J.K. Rowling’s Encounter with Torture

In this season of university graduations, as the relatively privileged youth of the United States and Western Europe prepare to face the realities of a rapidly changing world, it’s worth revisiting some excerpts from one of the best commencement speeches I’ve ever heard or read – J.K. Rowling’s address to the Harvard class of 2008. (See the full text here.)

“One of the greatest formative experiences of my life preceded Harry Potter, though it informed much of what I subsequently wrote in those books…I paid the rent in my early 20s by working at the African research department at Amnesty International’s headquarters in London. There in my little office I read hastily scribbled letters smuggled out of totalitarian regimes by men and women who were risking imprisonment to inform the outside world of what was happening to them. I saw photographs of those who had disappeared without trace, sent to Amnesty by their desperate families and friends. I read the testimony of torture victims and saw pictures of their injuries. I opened handwritten, eye-witness accounts of summary trials and executions, of kidnappings and rapes…

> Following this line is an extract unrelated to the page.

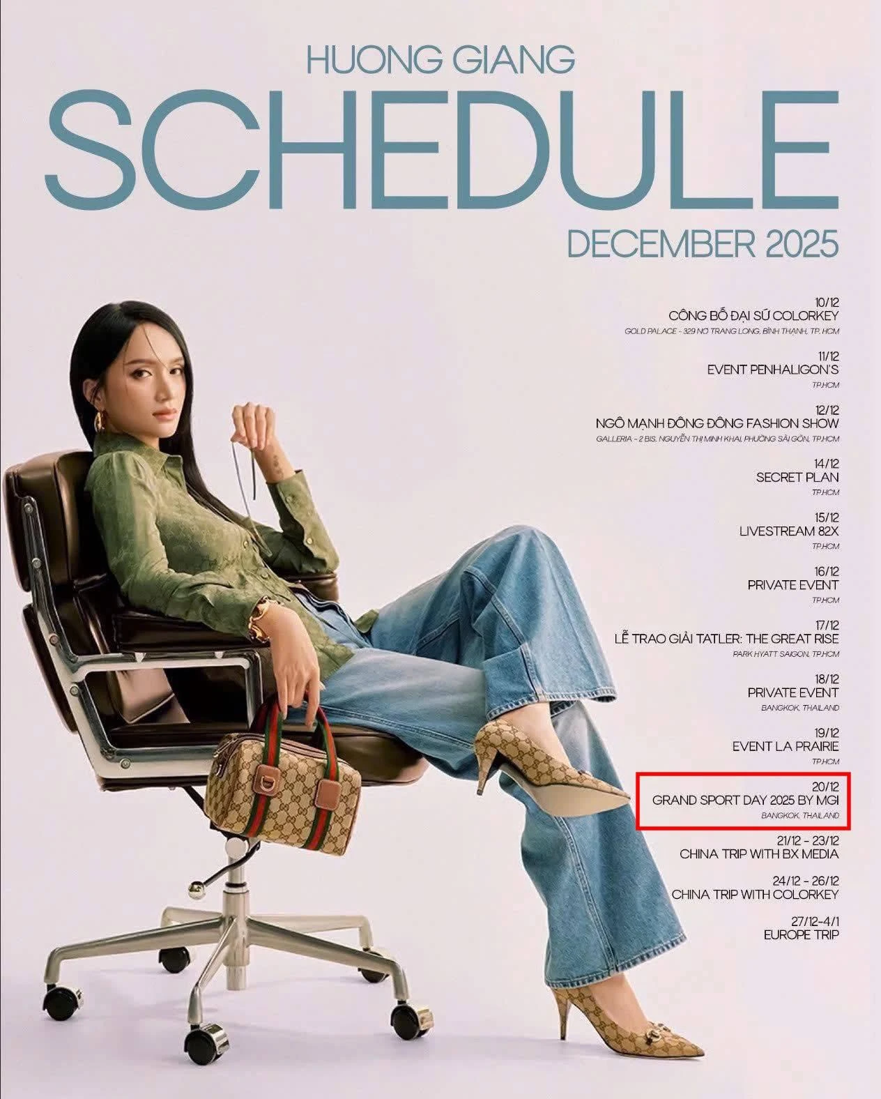 Huong Giang's December schedule is becoming a hot topic of discussion online after the beauty queen unexpectedly confirmed she will be going to Thailand to attend an event organized by Miss Grand International.

            “I shall never forget the African torture victim, a young man no older than I was at the time, who had become mentally ill after all he had endured in his homeland. He trembled uncontrollably as he spoke into a video camera about the brutality inflicted upon him. He was a foot taller than I was, and seemed as fragile as a child. I was given the job of escorting him back to the Underground Station afterwards, and this man whose life had been shattered by cruelty took my hand with exquisite courtesy, and wished me future happiness.

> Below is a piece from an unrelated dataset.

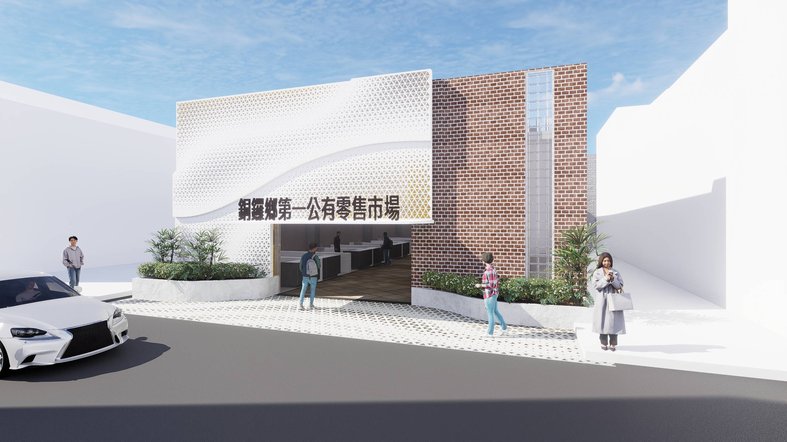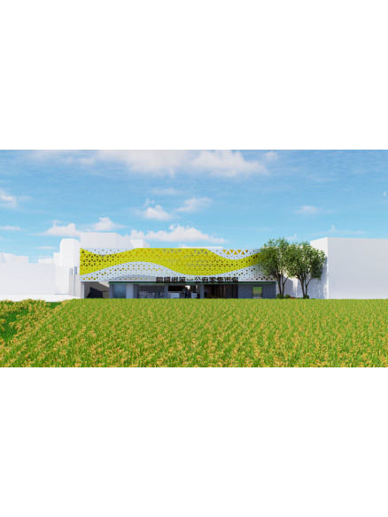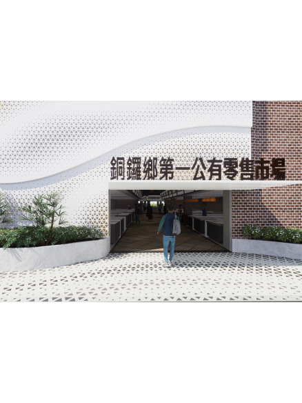 設計主題取自苗栗代表性的杭菊,象徵地方產業與人文底蘊。建築外觀轉化杭菊盛開、綻放與重複韻律,融入金屬沖孔板、創造韻律感與花叢的意象設計,呈現自然生長與節奏秩序的平衡。整體市場空間在功能更新之外,也藉由意象再現與環境整合,展現銅鑼在地風土與生活文化的延續與再生。

            “And as long as I live I shall remember walking along an empty corridor and suddenly hearing, from behind a closed door, a scream of pain and horror such as I have never heard since. The door opened, and the researcher poked out her head and told me to run and make a hot drink for the young man sitting with her. She had just had to give him the news that in retaliation for his own outspokenness against his country’s regime, his mother had been seized and executed…

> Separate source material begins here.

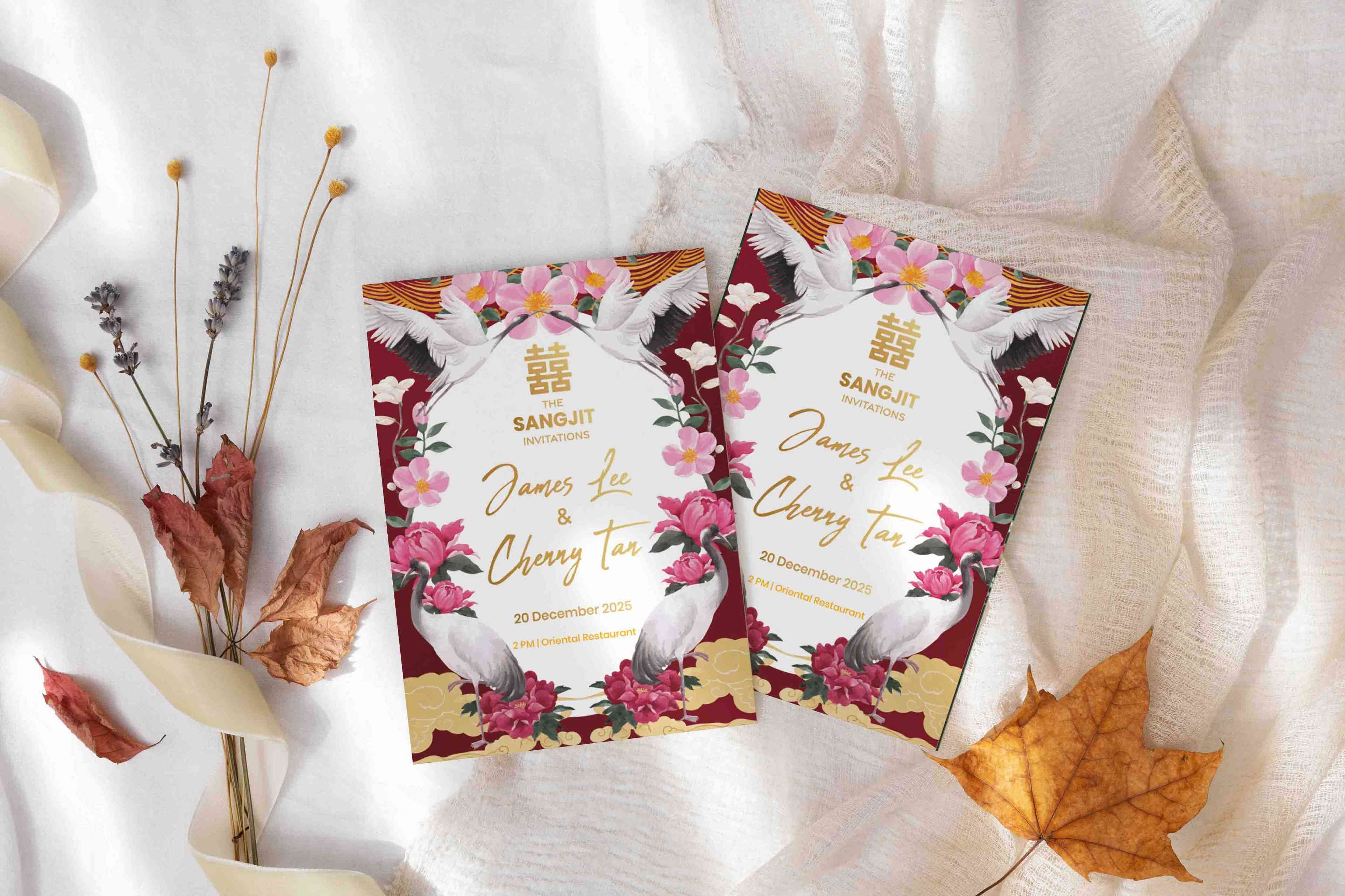 Desain undangan ini sangat elegan dan sesuai dengan adat Tionghoa, menggabungkan unsur tradisional dan modern. Kombinasi warna merah dan emas, simbol Shuang Xi, serta dekorasi floral khas Tiongkok menjadikannya undangan mewah, bermakna, dan penuh keberuntungan.

            “I began to have nightmares, literal nightmares, about some of the things I saw, heard, and read. And yet I also learned more about human goodness at Amnesty International than I had ever known before…”

“Unlike any other creature on this planet, humans can learn and understand, without having experienced. They can think themselves into other people’s places…The great majority of you belong to the world’s only remaining superpower. The way you vote, the way you live, the way you protest, the pressure you bring to bear on your government, has an impact way beyond your borders. That is your privilege, and your burden. If you choose to use your status and influence to raise your voice on behalf of those who have no voice; if you choose to identify not only with the powerful, but with the powerless; if you retain the ability to imagine yourself into the lives of those who do not have your advantages, then it will not only be your proud families who celebrate your existence, but thousands and millions of people whose reality you have helped change. We do not need magic to change the world, we carry all the power we need inside ourselves already: we have the power to imagine better.”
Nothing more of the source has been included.